Flames were last night shooting from the top of a 108m ventilation shaft at the Pike River coal mine - and only a couple of mountain peaks away a 43-year-old fire from the Strongman mine continues to billow smoke.
It has been 10 days since an explosion trapped 29 men underground at Pike River, and now a huge coal fire is burning inside the mine, hindering efforts to recover the men's bodies.
The fire is visible from a helicopter, belching smoke and flames from the wrecked top of a ventilation shaft which runs longer than a rugby field into the mountain. No flames were previously visible, even during the initial methane explosion.
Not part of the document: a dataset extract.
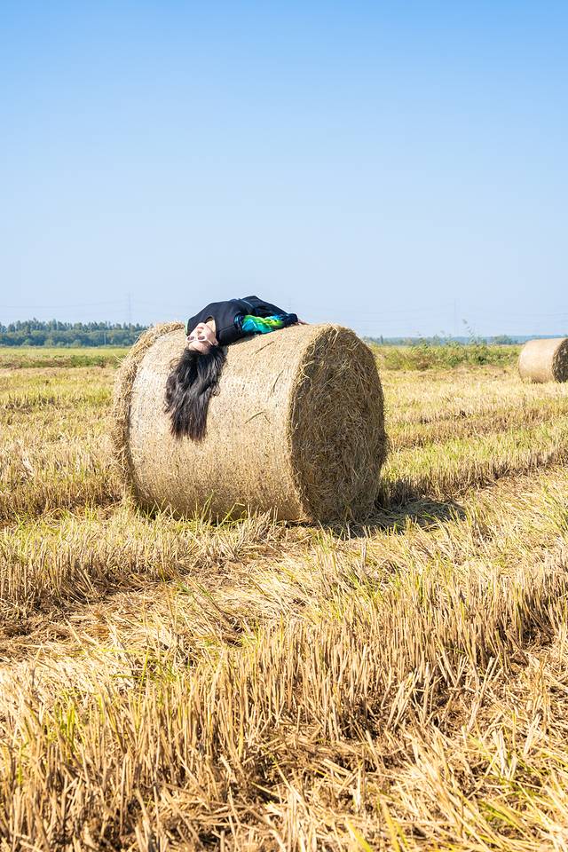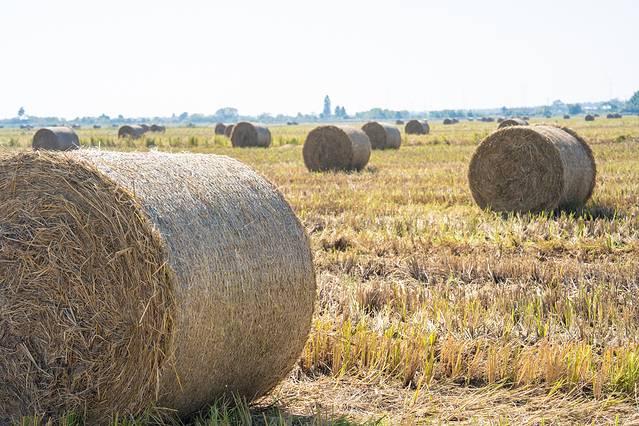 在广阔的农田中,金黄色的草垛子卷成一个个圆柱体,我在这里拍了几张照片,画面充满了乡村的宁静和质朴,让人感受到了与城市截然不同的生活节奏。

Pike River chief executive Peter Whittall said the fire in the mine - which had been burning gas since at least a week ago - had begun burning coal after a fourth explosion.
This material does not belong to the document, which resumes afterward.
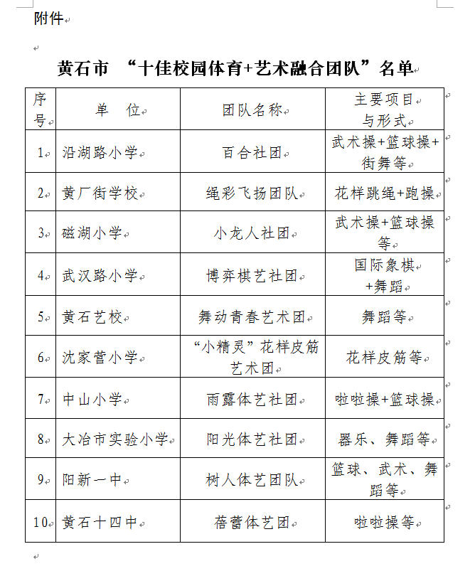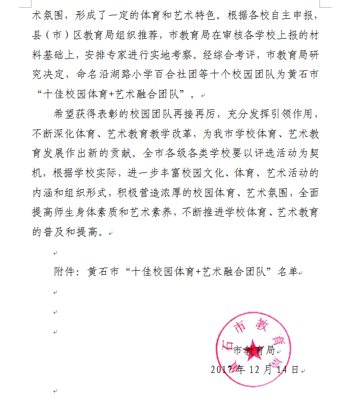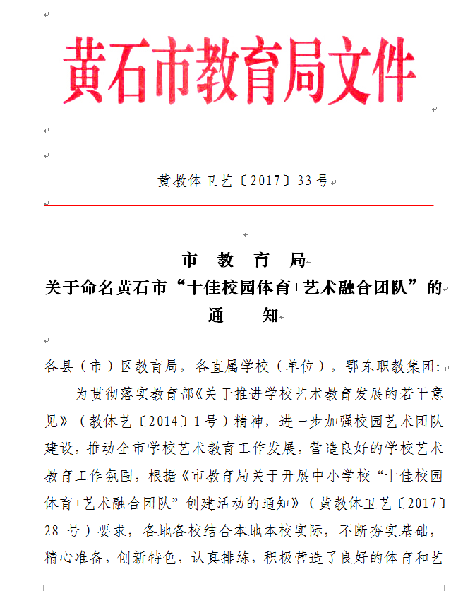 我校被评为黄石市"十佳校园体育+艺术融合团队"

It was hoped that loose coal dislodged during the four explosions was burning, he said.
That is preferable to the fire getting into the mine's walls of solid coal.
Such a fire would create vast amounts of heat and be difficult to extinguish.
Mr Whittall likened this situation to a coal range.
"The worst-case scenario is that the walls of the mine, which are coal, can burn. That's a lot harder to smother because it just sits there like when you shut a fire in overnight in the old coal ranges.
"They just sit there and virtually do nothing, then in the morning you open up the air and they start again."
Grey District Mayor Tony Kokshoorn said there was "total silence" from the families of the lost miners when they heard the latest update.
"They're totally subdued and they're desperate now," he said. "How long do they have to wait to get their loved ones out of there?"
Those running the recovery operation hope to put out the fire by starving it of oxygen. That could mean temporarily sealing the mine so no air can get in, or using a "GAG" jet engine brought from Australia to fill the mine with water vapour.
Authorities have not made clear which they prefer, but they say that either way, it could take several weeks before the fire went out even after it was starved of oxygen.
The length of time it took to kill the fire would indicate how much coal is burning and therefore whether the mine walls and the coal seam in the mountain are alight.
The Strongman mine, where 19 men died in 1967, continues to burn near Pike River, giving off plumes of smoke after 43 years.
Mr Whittall said it was unlikely Pike River would burn indefinitely in a similar way because unlike other mines in the area, it did not have cracks to let fresh air in.
The Strongman disaster - like the one at Pike River - was caused by a methane explosion.
Two bodies from the Strongman mine were never recovered.
The section of the mine where the blast occurred was sealed off, but the mine was reopened.
Police Inspector Mark Harrison, who is leading the recovery operation at Pike River, said the fire made it less likely that the bodies of the 29 men could be recovered intact.